Woman can invoke Domestic Violence Act against brothers: Delhi court

Written By DNA Web Team | Updated:

The court passed the observation while allowing a plea of widow, whose petition seeking relief under the Domestic Violence Act against her brothers was dismissed by a metropolitan magistrate.

A woman, who is living with her brothers, can take refuge under the Domestic Violence Act in case of any harassment to her, a Delhi court has said.

"It emerges that when an aggrieved person lives or at any stage has been in domestic relationship with the respondents and has been subjected to any domestic violence, the Protection of Women from Domestic Violence Act 2005 is applicable," additional sessions judge Shalinder Kaur said.

The court said that the welfare legislation could be invoked by a woman even against those with whom she had lived at any point of time.

It passed the observation while allowing a plea of widow,
whose petition seeking relief under the Domestic Violence Act against her brothers was dismissed by a metropolitan magistrate saying that there was no domestic relationship between her and her brothers.

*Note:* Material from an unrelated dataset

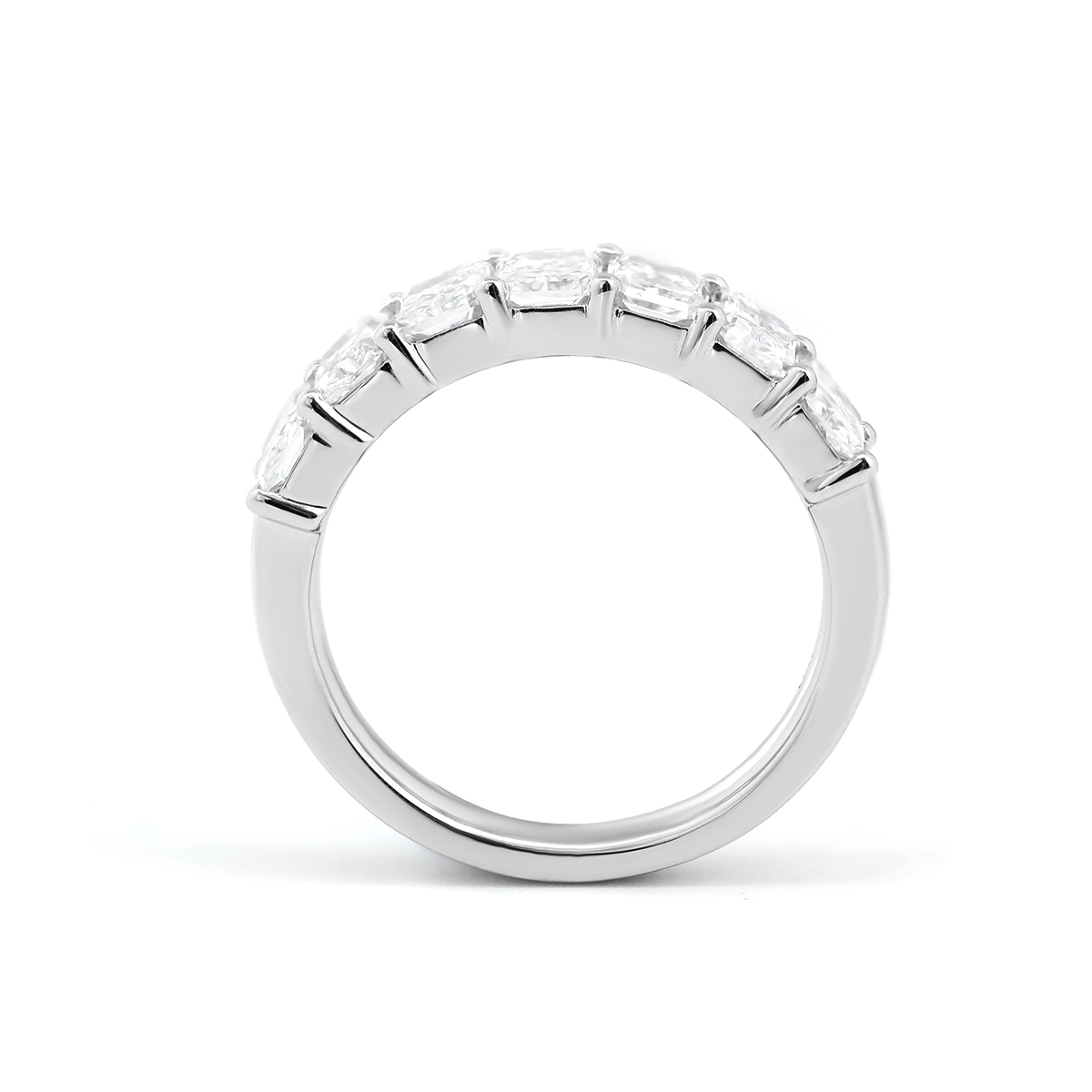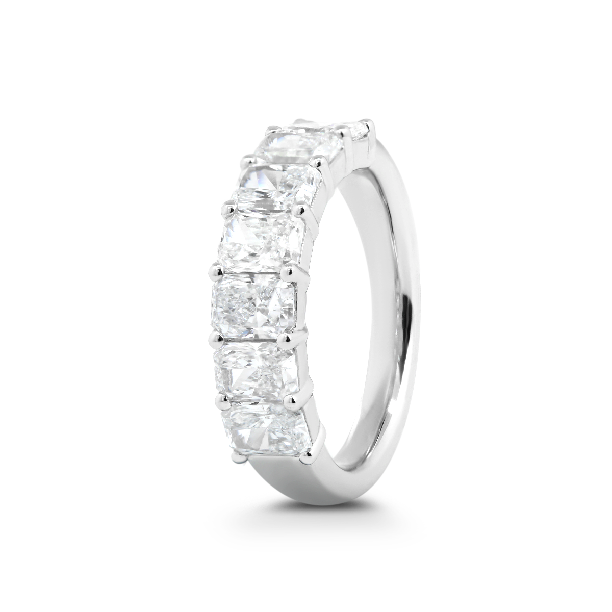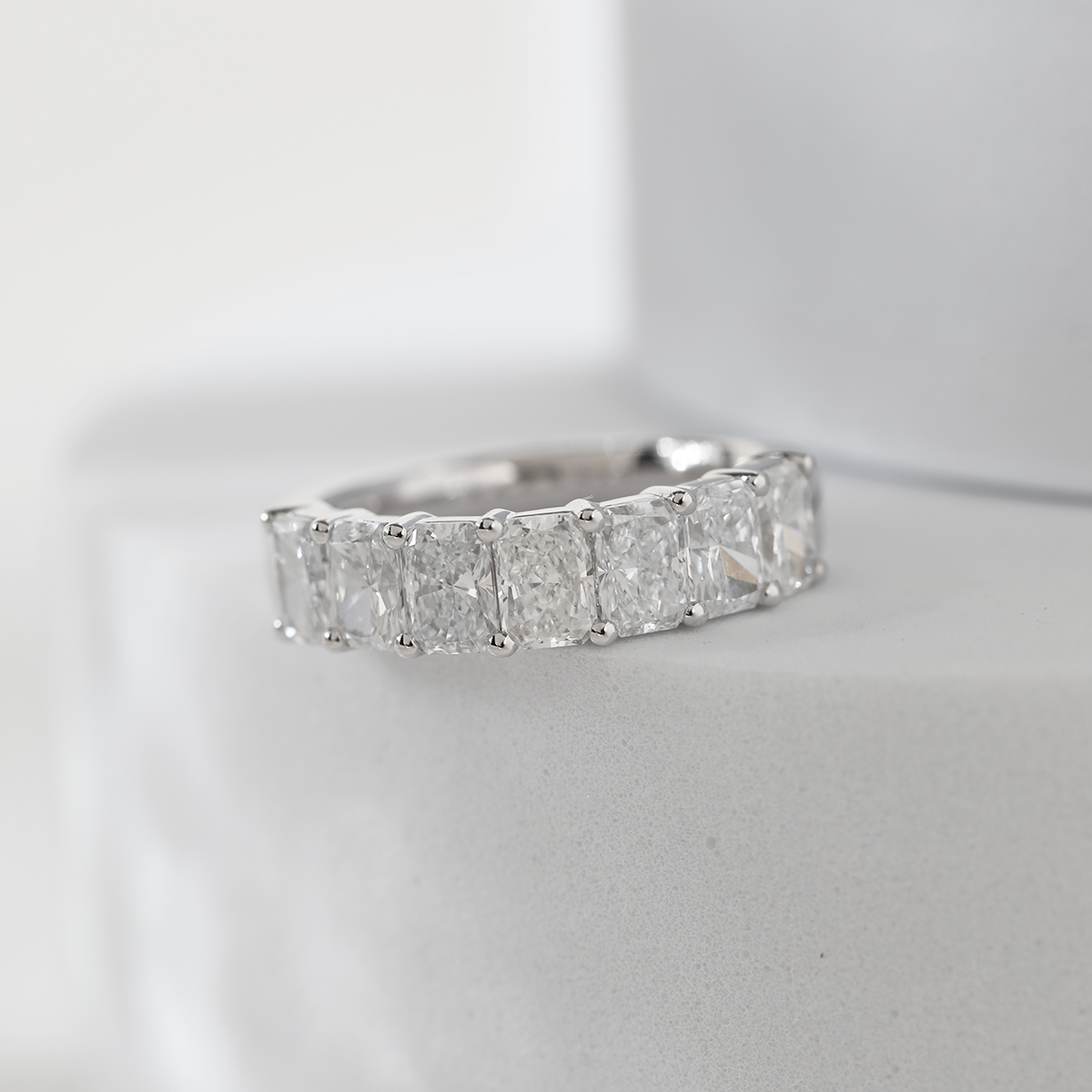 Bold yet timeless, our Platinum 7-Stone Half Eternity Ring features a striking row of radiant cut lab-grown diamonds, totaling elegant brilliance across the band. Each stone is meticulously set to maximize sparkle, while the cool sheen of platinum enhances their fire and clarity. Perfect as a wedding band, anniversary ring, or luxurious stackable piece, this design is ideal for those seeking radiant cut diamond rings, 7-stone eternity styles, or sustainably crafted fine jewelry with lasting sophistication and brilliance.

She submitted that she was living with her brothers and alleged that they have forged her signatures in an effort to dislodge her from their ancestral property at Karol Bagh here.

Her brothers' claim that they were not living in a shared household could not impress the court which noted, "all the respondents (brothers) at some point of the time had lived together in the same house. Moreover, the house in question is stated to be their ancestral house."

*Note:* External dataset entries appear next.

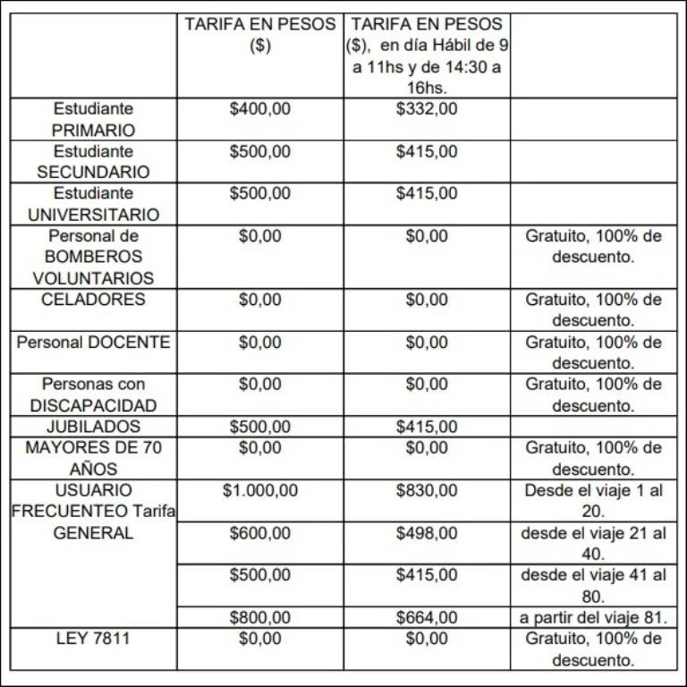 - En el caso del estudiante de nivel secundario y universitario, el boleto costará $500 o $415 en los mismos horarios mencionados.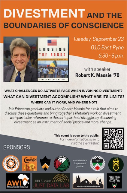 It was about a year ago that I got it into my head to get Robert K. Massie IV involved in our efforts. Massie is one of the architects and chroniclers of the decades-long campaign to divest from apartheid South Africa; I’d first encountered his book Loosing the Bonds twenty years ago, and been impressed by the rigor of his argument, as well as by the wealth of detail and moral passion he brought to the subject.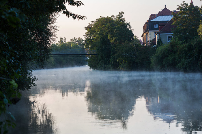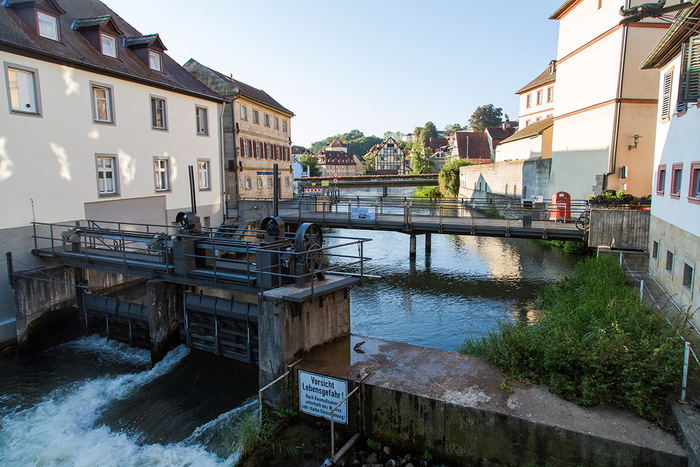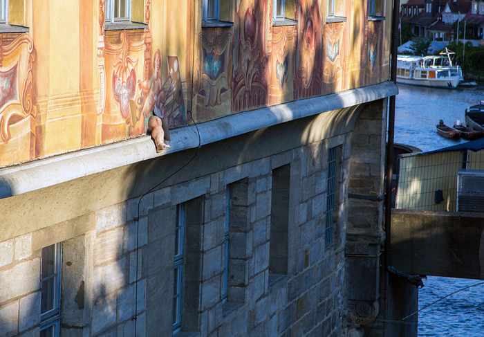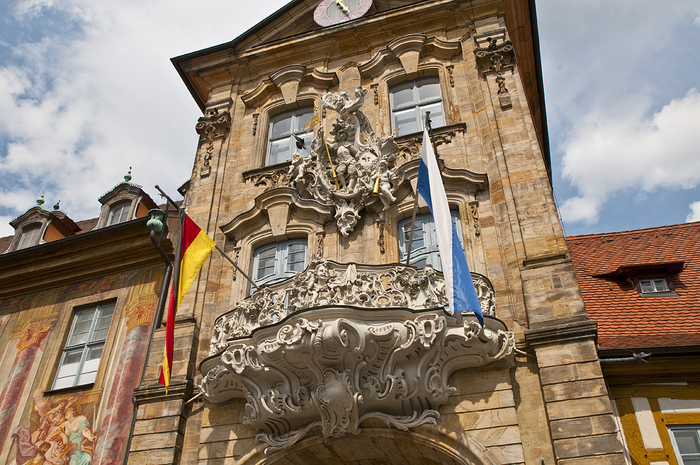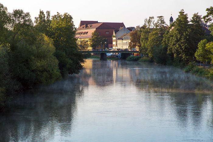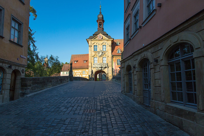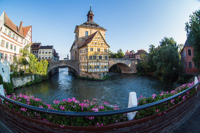 Ратуша уникальна в своём роде. Она была построена на искусственном острове на реке Регниц. В Средневековье река делила территорию на городские и епископские земли; долгое время шли споры, на чьих владениях строить ратушу. Создание искусственного острова и постройки на нём стало компромиссным решением проблемы :)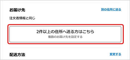 「2件以上の住所へ送る方はこちら(複数のお届け先を設定する) 」を

Explaining the provisions of the Act, the court said Section 2(f) connotes the meaning of "domestic relationship" as a relationship between two persons who live or have, at any point of time, lived together in a shared household, when they are related by consanguinity, marriage, or through a relationship in the nature of marriage, adoption or are family members living together as a joint family.

The court, while granting relief to the woman, also took into consideration a report of the Protection Officer, appointed under the Act to look into the complaint of the aggrieved, stating, "it emerges that appellant is being subjected to abuses and harassment at the hands of respondents (brothers). It dismissed the order of the metropolitan magistrate with a direction to consider her plea afresh.